Buffer pool extension (aka BPE) is an interesting feature of SQL Server 2014. Database administrators already know that memory is one of the key assets available for SQL Server. This is especially true for buffer pool memory, which plays an important role in storing data page and reducing the I/O demand. Nowadays, even if the memory has become cheaper, we are often facing limitations such as mid-size hardware configurations and increasing memory. All this can become difficult and may require a hardware upgrade that can be expensive. In the same time, increasing the disk capacity is no longer a challenge and can be handled more flexibly. Furthermore, solid-state drive technology has become relatively affordable over time. In short, adding disks to a server potentially becomes more cost-effective than adding memory for the mid-size hardware configurations. BPE was designed to address this issue by using the non-volatile memory to extend the buffer pool.
As mentioned by Microsoft the buffer pool extension provides benefits for specific cases:
- Increased random I/O throughput. Indeed, flash-based storage performs well with random IO but sequential IO can be less efficient than using a disk-based storage
- Reduced I/O latency by using a smart L1 and L2 caches with the buffer manager. Pages are moved between the L2 cache (SSD) and L1 cache (memory) by the buffer manager before it has to fetch the page from the disk with generally more latency.
- Only clean pages are written to the BPE. This ensures no data loss.
When I investigated this feature in more detail, I had the opportunity to read the official documentation and blog posts already published by Microsoft and the very interesting article Turbocharging DBMS Buffer Pool Using SSDs written by Do, J., Zhang, D., Patel, J., DeWitt, D., Naughton, J., and A. Halverson. I also listened to one of the interview of Evgeny Krivosheev (SQL Server Program Manager) about the buffer pool extension feature. I would like to precise that there are still blog posts on the web which claim some workloads work better with the buffer pool extension feature. Of course, the quick answer is yes for the reasons described above and this is not my goal here.

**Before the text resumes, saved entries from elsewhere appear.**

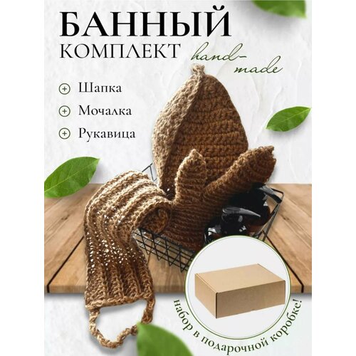Купить Банный набор для парения "АромаПар" 3 предмета из джута (шапка+мочалка+руковица) за 1200 руб
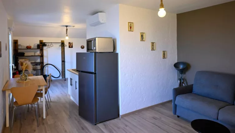 L'appartement Cheval welcomes you in a warm and modern setting, perfect for a stay with family or friends for up to 4 people. Spacious and fully air-conditioned, it offers all the comforts you need for a relaxing holiday. You'll enjoy private access with a terrace for relaxing, as well as all the facilities you need for a fully self-catering holiday. An ideal place to recharge your batteries and discover the region in complete tranquillity.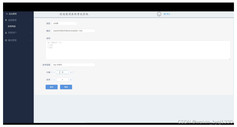 在客观题的上,系统能通过学生提交的答案和参考答案进行数据匹配和对比,完全一致的判定为正确,匹配不成功的判断为错误,在客观题上,只能由教师来进行手动打分,首先提交试卷的主观题,然后展示出来,由教师手动输入,并加入总分。
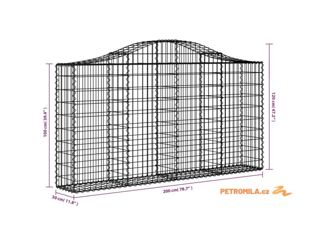 Klenuté gabionové koše 2 ks 200x30x100/120cm pozinkované železo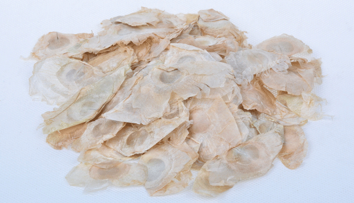【药材形态】木蝴蝶为蝶形薄片,除基部外三面延长成宽大菲薄的翅,长5~200px,宽3.5~112.5px。表面浅黄白色,翅半透明,有绢丝样光泽,上有放射状纹理,边缘多破裂。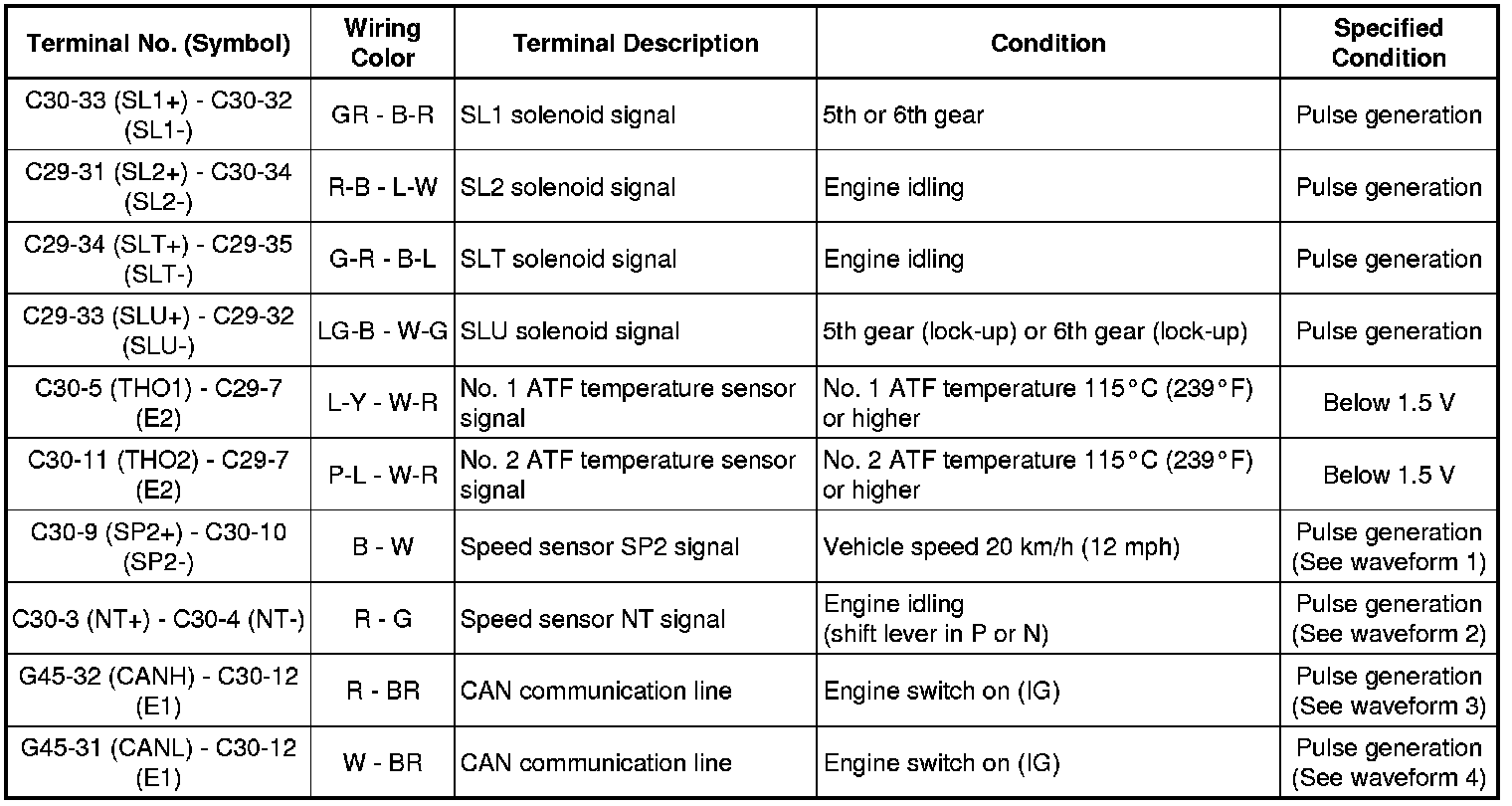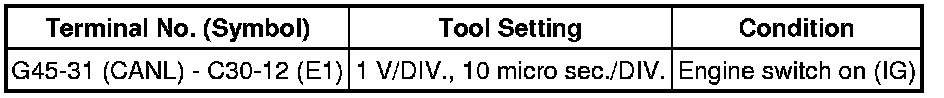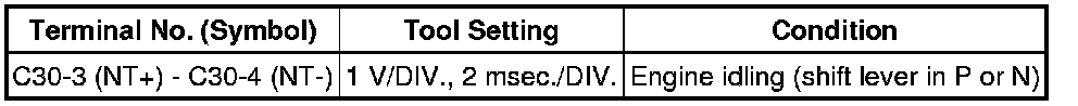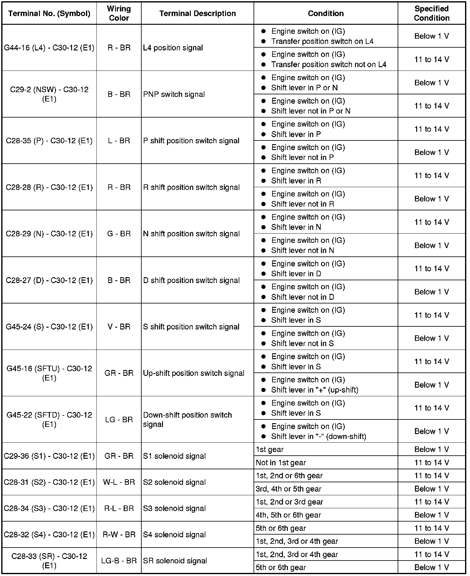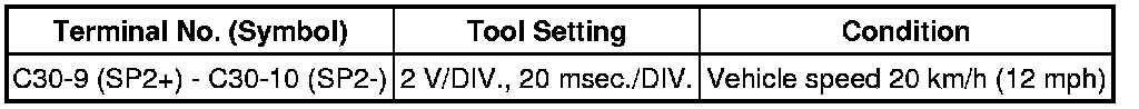 In the table, first follow the information under "Condition". Look under "Terminal No. (Symbol)" for the terminals to inspect. The standard voltage between the terminals is shown under "Specified Condition".

This post is just an opportunity to share with you some of my investigations – but before, I have to warn you: We are still talking about CTP2 of SQL Server 2014 and some of the tools I used do not work perfectly. We will see this later in the post.
The first thing I noticed is the decision made to store data in SSD at the granularity level of pages rather than tables or files. This point is important because we can retrieve different pages of a table either in the memory, or in the SSD, or in the disk. As mentioned above, only clean pages are written to the buffer pool extension. There is still an exception that consists of writing a modified page (dirty) both into the database mdf file and into the BPE. This is a kind of optimization called dual-write optimization.
Let’s start with my first test in which I used a custom AdventureWorks2012 database with two bigTransactionHistory tables. Here some details about the size and number of rows of each of those tables:
The bigTransactionHistory table contains 31 billion of rows for a size of 2 GB approximately (data and indexes).
In my test, the AdventureWorks2012 database is configured as follows:
The mdf and ldf files are stored both on a slow drive (E:) which is a WDC USB disk (5200 RPM) with SATA/300. This is not an optimal configuration but for this test it’s ok.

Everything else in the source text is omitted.